The next morning, Cheteshwar Pujara was dropped from the side, with Shikhar Dhawan preferred as opener while K.L. Rahul batted at three. “You can have gut feelings of all sorts and you can be completely right or completely wrong,” Mike Brearley said at Edgbaston. “So gut feeling is neither here nor there.”

At Lord’s, India fielded a second spinner in Kuldeep Yadav, while sacrificing a frontline pace bowler in Umesh Yadav.

There had been talk of the surface being dry in the lead-up to the game but as he walked out for the toss on the second morning, with all the rain around and the dark clouds overhead, Kohli should have reconsidered choosing the left-arm spinner.

Defies logic

It was a move that defied logic.
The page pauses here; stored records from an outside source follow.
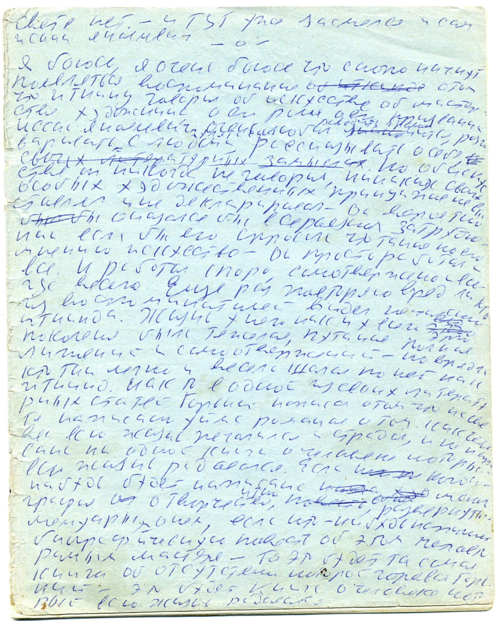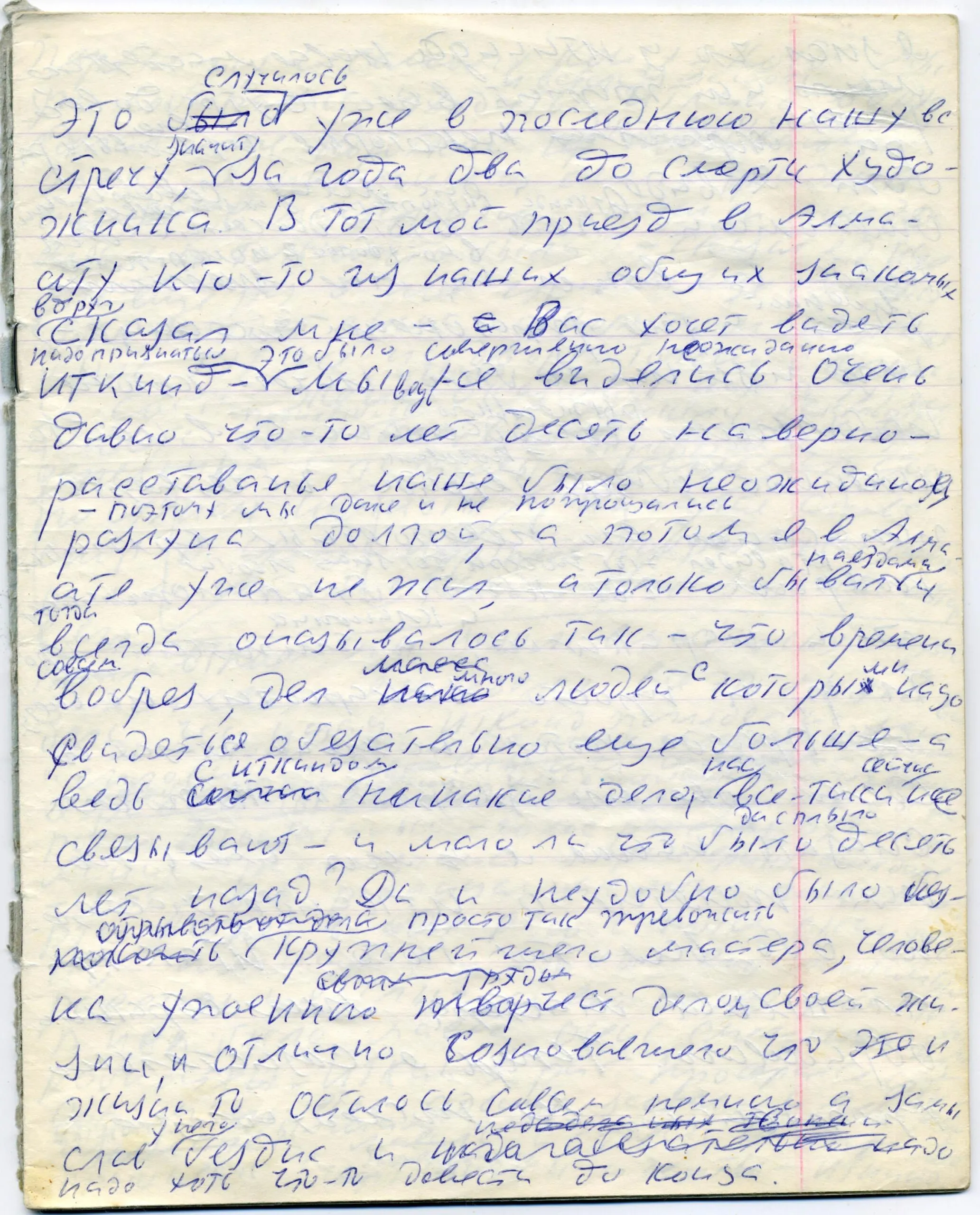 1970 (?) г., нач. 1970-х гг. Юрий Домбровский «Художник Иткинд». Авторская рукопись.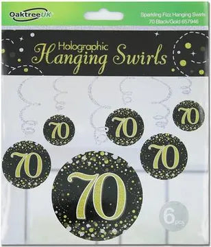 Oaktree Sparkling Fizz Hanging Swirls 70th Black / Gold 6pcs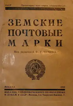 - Каталог земских почтовых марок / Под ред. Ф. Г. Чучина. — М.: Изд-во Уполномоченного по филателии и бонам в СССР, 1925. — 228 с. — Тираж 2000. [Репринтное издание: М., 1991.]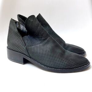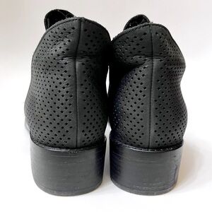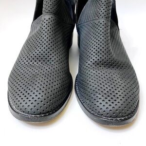 Elegantly shaped with a tulip topline, the Leaf ankle boots from Eileen Fisher maximize your wardrobe rotation with a minimalist perforated suede design. I believe the color is black, although it does appear to be more of a dark charcoal gray in some light. There is some wear to these, please note the flaws to the leather in photo 8. Still plenty of wear left in these!

In the event, Kuldeep finished wicketless, having gone at nearly five an over. R. Ashwin too had a tough time, in conditions that offered him no help. England’s one spinner, Adil Rashid, was not required to bowl a single over in the entire match.

At least this time, Kohli admitted he was wrong, saying at the presentation that India got the combination “a bit off”. There will invariably be changes for Trent Bridge and it will again be put to the captain — much to his annoyance — that over the 37 Tests he has led the side in, the same XI has never been fielded in successive matches.

It surely cannot help the confidence of batsmen like K.L. Rahul, Rahane and Pujara to know that their spot is perennially under threat.

Kohli is arguably the greatest batsman in the world today. Whether he will come to be regarded as a great captain too remains to be seen.